* [EXERCISE OBJECTIVE]: Copy, exactly as written, the lines that begin at the one containing "Subulussalam | Rabu, 11" and end at the one containing "Дом с беседкой, общая". Skip any pictures in the data below.

* [SUPPLIED MATERIAL]:
__________________________________________________
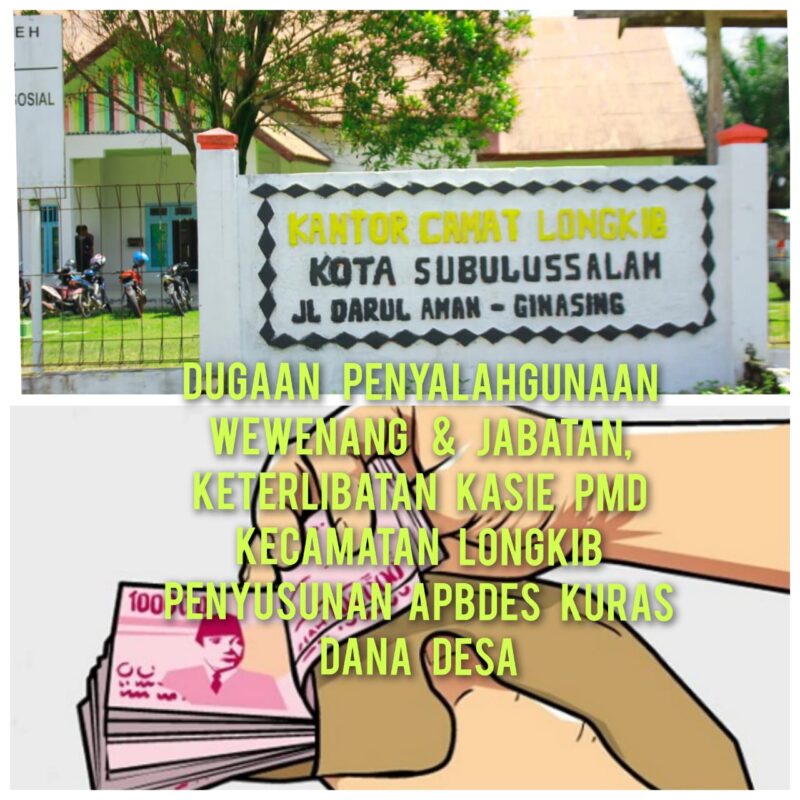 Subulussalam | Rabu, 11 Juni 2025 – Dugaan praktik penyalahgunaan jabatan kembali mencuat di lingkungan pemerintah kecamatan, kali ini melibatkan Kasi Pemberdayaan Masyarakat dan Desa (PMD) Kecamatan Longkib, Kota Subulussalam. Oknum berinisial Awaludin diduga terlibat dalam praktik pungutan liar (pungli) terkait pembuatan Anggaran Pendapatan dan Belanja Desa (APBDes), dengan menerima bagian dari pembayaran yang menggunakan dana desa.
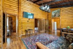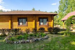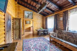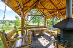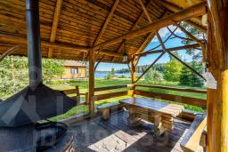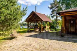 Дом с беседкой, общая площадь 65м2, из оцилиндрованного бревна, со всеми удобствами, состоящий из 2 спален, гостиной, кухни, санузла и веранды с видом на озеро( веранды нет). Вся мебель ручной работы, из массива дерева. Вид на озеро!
__________________________________________________
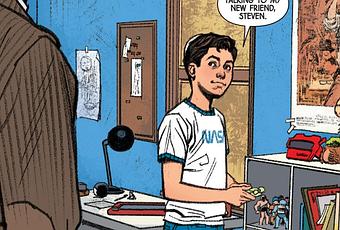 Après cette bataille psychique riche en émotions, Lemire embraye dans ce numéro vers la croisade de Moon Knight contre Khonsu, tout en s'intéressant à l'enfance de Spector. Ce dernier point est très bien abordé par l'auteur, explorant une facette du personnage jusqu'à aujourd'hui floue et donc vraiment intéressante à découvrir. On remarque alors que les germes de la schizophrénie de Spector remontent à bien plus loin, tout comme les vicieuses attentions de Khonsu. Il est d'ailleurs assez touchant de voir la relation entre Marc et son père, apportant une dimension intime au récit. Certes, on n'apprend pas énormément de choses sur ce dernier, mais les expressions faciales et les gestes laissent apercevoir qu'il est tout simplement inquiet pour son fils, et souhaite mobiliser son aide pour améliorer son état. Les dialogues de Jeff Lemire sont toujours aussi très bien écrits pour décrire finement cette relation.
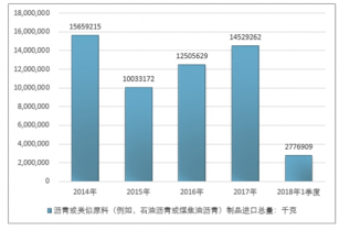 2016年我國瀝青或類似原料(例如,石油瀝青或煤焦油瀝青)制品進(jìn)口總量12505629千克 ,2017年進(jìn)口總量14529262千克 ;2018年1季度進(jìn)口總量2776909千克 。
__________________________________________________
* [REPLY]:
 Subulussalam | Rabu, 11 Juni 2025 – Dugaan praktik penyalahgunaan jabatan kembali mencuat di lingkungan pemerintah kecamatan, kali ini melibatkan Kasi Pemberdayaan Masyarakat dan Desa (PMD) Kecamatan Longkib, Kota Subulussalam. Oknum berinisial Awaludin diduga terlibat dalam praktik pungutan liar (pungli) terkait pembuatan Anggaran Pendapatan dan Belanja Desa (APBDes), dengan menerima bagian dari pembayaran yang menggunakan dana desa.
 Дом с беседкой, общая площадь 65м2, из оцилиндрованного бревна, со всеми удобствами, состоящий из 2 спален, гостиной, кухни, санузла и веранды с видом на озеро( веранды нет). Вся мебель ручной работы, из массива дерева. Вид на озеро!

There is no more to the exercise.